Concepts of Busbar arrangement

Switch Gear & protection

Chapter-03

(Busbar arrangement)

    -Asiqur Rahman Milon,EETE-DIU,EEE-IEB(Con)

#What is Bus bar?

-Bus bar-

An electrical bus bar is defined as a conductor or a group of conductor used for collecting electric power from the incoming feeders and distributes them to the outgoing feeders. In other words, it is a type of electrical junction in which all the incoming and outgoing electrical current meets. Thus, the electrical bus bar collects the electric power at one location.( A bus – bar is a conductor or group of conductors and it collects electric energy from incoming feeders and distributes them to outgoing feeders. So bus – bar is a junction where all incoming and outgoing currents meet. Bus – bar is generally made up of aluminum but not with copper because aluminum has special characters like higher conductivity, lower cost, excellent corrosion resistance, etc.)

The bus bar system consists the isolator and the circuit breaker. On the occurrence of a fault, the circuit breaker is tripped off and the faulty section of the busbar is easily disconnected from the circuit.
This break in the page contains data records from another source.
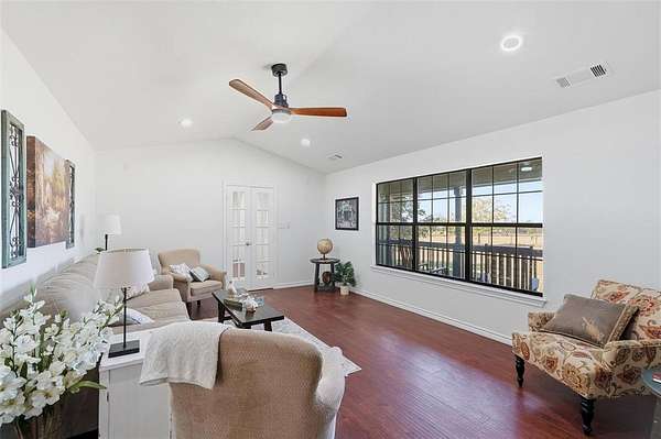 Welcome to this beautiful 2015-built home sitting on 5 fully fenced acres, perfect for anyone looking for peace, privacy, and room to roam! This 3-bedroom, 2-bath home offers the best of modern comfort and country charm. As well as a built in safe room for tornado shelter or for your Ammo and firearms. Comes with a sauna in the house!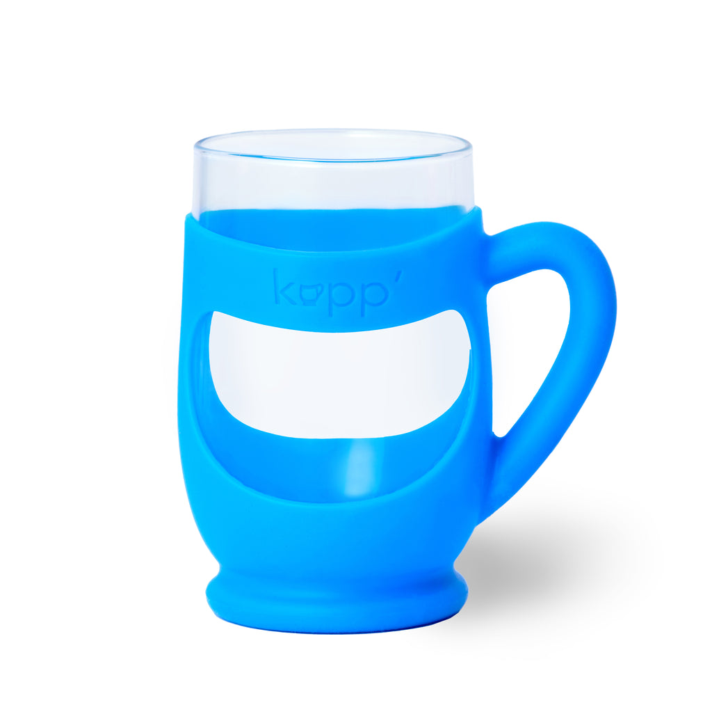 The Kupp’, a six ounce European glass outfitted with a colorful silicone sleeve, is designed for children three and older. Produced in Europe and the US, the glass and the sleeve adhere to the strictest quality standards for both the US and Europe. The Kupp’ glass is certified lead and cadmium free, is made from a pure soda-lime formula and is completely dishwasher safe. The grip-friendly silicon sleeve is BPA/BPS free, medical food grade silicon and comes in a range of colors.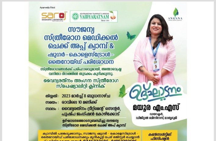 അന്താരാഷ്ട്ര വനിതാ ദിനചാരണത്തിന്റെ ഭാഗമായി കോഴിക്കോട് പുഷ്പ ജംഗ്ഷനിലെ വൈദ്യരത്നം ട്രീറ്റ്മെന്റ് സെന്ററിൽ “അംഗന സ്ത്രീരോഗ സ്പെഷ്യാലിറ്റി ക്ലിനിക്” ആരംഭിക്കുന്നു. മാർച്ച് 8ന് രാവിലെ 10 മണിക്ക്, മാതൃഭൂമി ഡിജിറ്റൽ ബിസിനസ് ഡയറക്ടർ മയൂര. എം. എസ് ക്ലിനിക് ഉദ്ഘാടനം ചെയ്യും.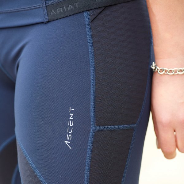 De nieuwste producten die we mochten testen, zijn deze Ariat Ascent baselayer en tights, een donkerblauwe rijlegging met een bijpassend shirtje.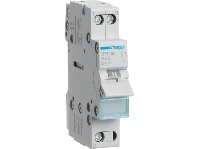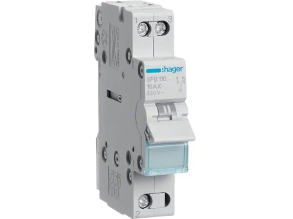 Hager SFB116. Coil voltage: 4000 V, AC input voltage: 400 V, AC input frequency: 50 - 60 Hz. Number of poles: 1P, Product colour: Blue, Grey. Width: 17.5 mm, Depth: 70 mm, Height: 83 mm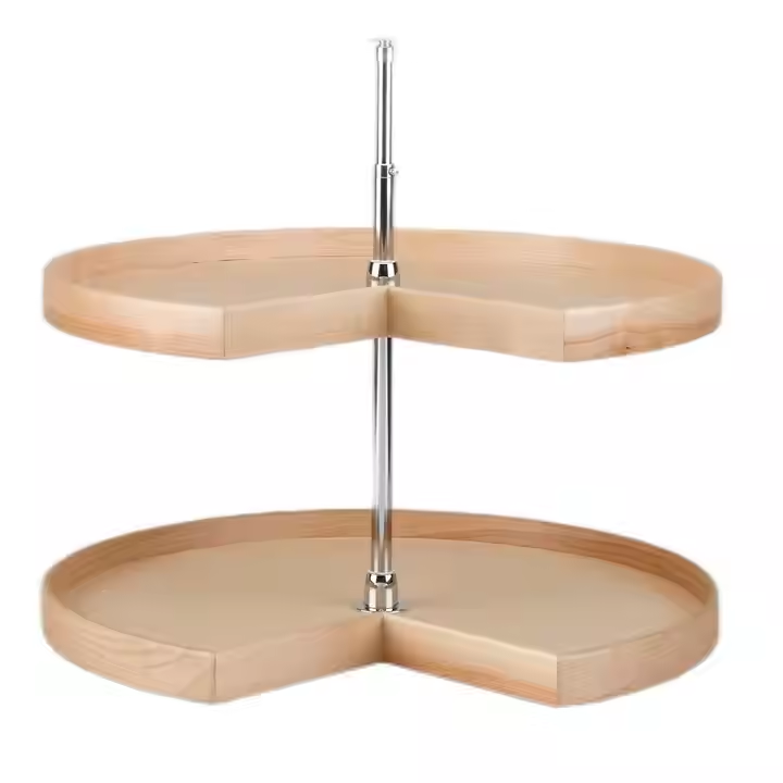 ชั้นวางของหมุนได้รูปไตคู่สีขาวพรีเมียม ทำจากไม้ สำหรับมุมครัว แบบสองชั้น รับผลิตแบบ OEM/ODM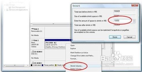 2、Step 2: 在操作系统找到USB硬盘,容量149.05G,压缩这个卷,压缩卷大小10000MB.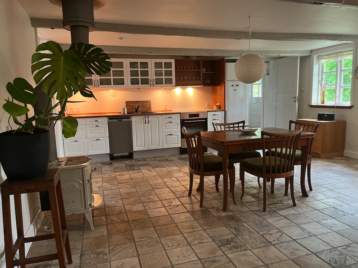 Mala drvena seoska kućica koja se nalazi u velikom parku i bujnom vrtu, privatna i odvojena od glavne kuće, samo nekoliko minuta do velike šume, lijepih plaža i šarmantnog grada s trgovinama, kafićima i restoranima i u blizini voza. Ima jednu glavnu sobu s dva kreveta, zasebnu kuhinju za jednostavno kuhanje i kupatilo. Terasa ima krov i okružena je cvijećem, drvećem i grmljem. Prikladno za romantični odmor.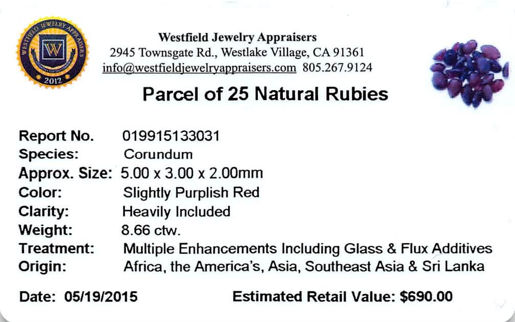 Twenty-five various shapes & sizes cut natural rubies, measuring 5.00 x 3.00 x 2.00mm, exact total weight 8.66ct., clarity is heavily included, type II, dark, very slightly brownish, slightly purplish red color, (GIA slpR 7/3), cut is good. Measurements are an average for the group. Transmitting light somewhat diffusely, transparent to translucent. Naturally occurring internal & external characteristics are present. Indications of laboratory high temperature heat treatment, with glass & flux additives. Ruby has a low tolerance to rhodium plating, repolishing the surface, & ultrasonic cleaning. Westfield Appraised at $690.00.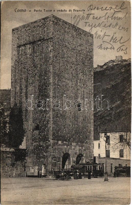 1910 Como, Porta Torre e veduta di Brunate / tower gate, tram (EK) https://www.darabanth.com/hu/496-Gyorsarveres/496.0/Kepeslapok/Olaszorszag~2500049/1910-Como-Porta-Torre-e-veduta-di-Brunate-tower-gate-tram-EK~II2635458
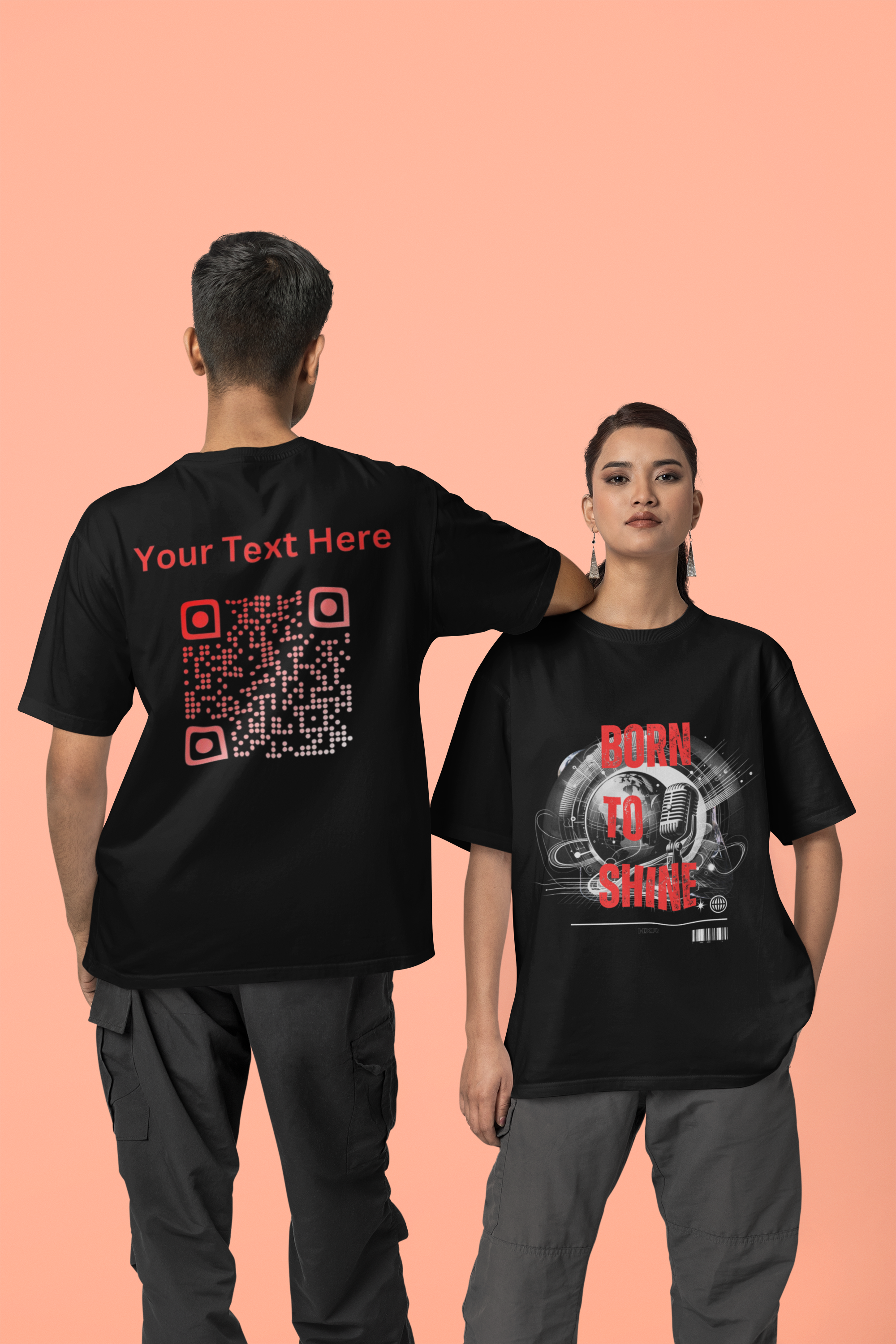 Elevate your street style with our ‘Born to Shine’ Tech Oversized T-Shirt. This striking black t-shirt features a bold graphic design that showcases a microphone set against an urban backdrop.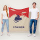 Create a personalised gift for your favourite snowmobiler. It's perfect for warming up after a chilly day out snowmobiling. This custom fleece blanket has a vintage style illustration of a snowmobile and rider in navy blue set against a backdrop of cream or ivory coloured mountains against a red background. It's ready to be personalised with a name in navy blue coloured lettering.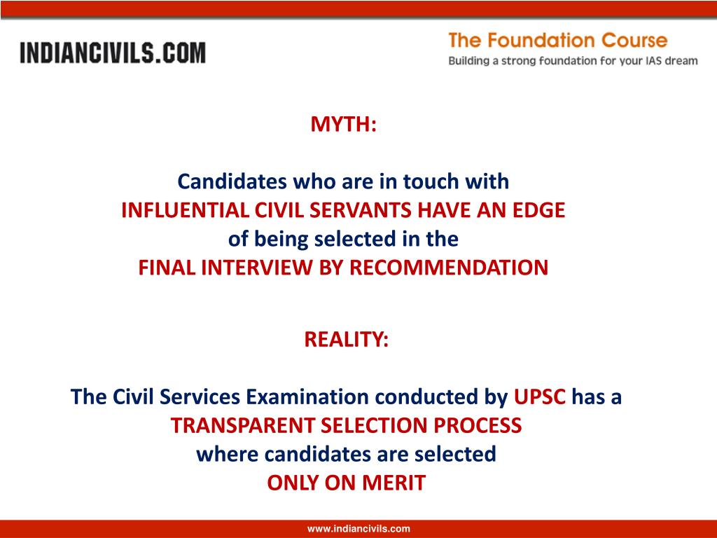 MYTH:Candidates who are in touch with INFLUENTIAL CIVIL SERVANTS HAVE AN EDGE of being selected in the FINAL INTERVIEW BY RECOMMENDATION REALITY: The Civil Services Examination conducted by UPSC has a TRANSPARENT SELECTION PROCESS where candidates are selected ONLY ON MERIT
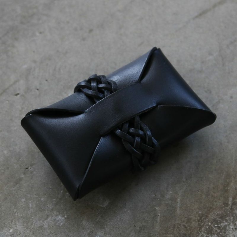 折紙に着想して設計されたシンプルな一枚革のケースに、革を細かく編み込んだ帯のようなリングで蓋をホールドする形状。編み込みは、アミ族の伝統的な織物技術からインスパイアされ作られています。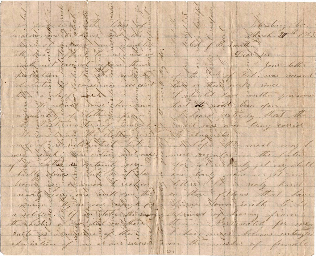 To the last letter I wrote you in winter quarters, I received no answer and during the early part of the campaign, we were kept so busy that I did not write.. Since we have been at Petersburg, I have written you a letter, to which, also, I got no response so I conclude to write you again.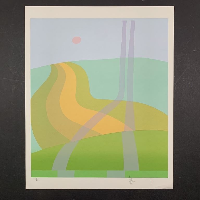 A limited edition print by Justine Nunoz, signed lower right and numbered 3/100 lower left. This piece is of a green and yellow pathway, going off into the distance. This piece is in near excellent condition with a small crease upper right corner, miniscule crease lower left corner, and a wrinkle lower right corner.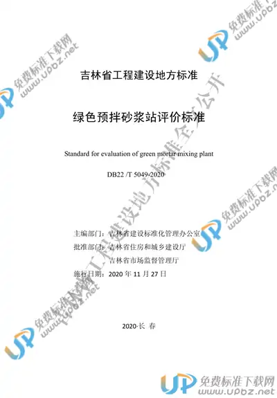 DB22/T 5049-2020 绿色预拌砂浆站评价标准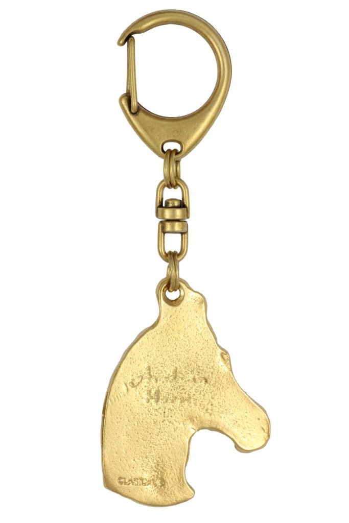 Šis raktų pakabukas su žirgu – puikus aksesuaras visiems šių gyvūnų mylėtojams. Pagamintas Lenkijoje, laikantis aukščiausios kokybės reikalavimų, jis užtikrina ilgaamžiškumą ir patikimumą ilgus metus. Jis turi klasikinį raktų pakabuką, leidžiantį lengvai pritvirtinti raktus. Šis tvirtinimo būdas taip pat garantuoja, kad pakabukas savaime neatsiskirs. Raktų pakabuką suprojektavo ir pagamino lenkų menininkas, kuris pasirūpino atkurti būdingus veislės bruožus. Pasidabruoto metalo pakabukas suteikia elegancijos ir stiliaus, yra ne tik praktiškas, bet ir estetiškas raktų priedas. Jis taip pat gali drąsiai tarnauti kaip rankinės ar kuprinės puošmena.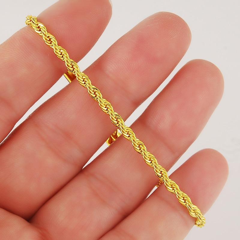Браслет из настоящего золота 24 карата, витая веревка 3 мм, витой позолоченный браслет для мужчин и женщин, свадебные украшения, подарки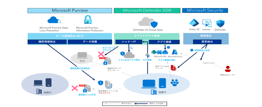 | データ保護 | DLP、保持、ラベル、外部共有統制 |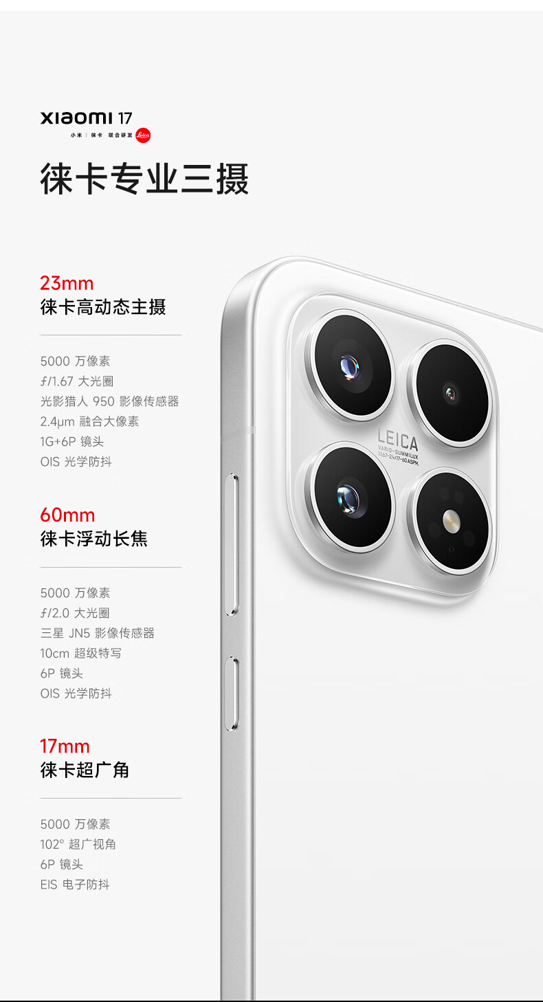 小米(MI)小米17 手机5G新品上市 冰融蓝 12GB+512GB 官方标配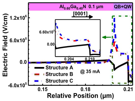 Electric field profiles in the n-Al0.60Ga0.40N layer and the first QB/QW for Structures A, B, and C, respectively, at the injection current of 35 mA.

The electrical bus bar is available in rectangular, cross-sectional, round and many other shapes. The rectangular bus bar is mostly used in the power system. The copper and aluminium are used for the manufacturing of the electrical bus bar.

The most common of the bus-bars are 40×4mm (160 mm²); 40×5 mm (200 mm²) ; 50×6 mm (300mm²) ; 60×8 mm (480 mm²) ; 80×8 (640 mm²) and 100×10 mm (1000 mm²).

The various types of busbar arrangement are used in the power system. The selection of the bus bar is depended on the different factor likes reliability, flexibility, cost etc. The following are the electrical considerations governing the selection of any one particular arrangement.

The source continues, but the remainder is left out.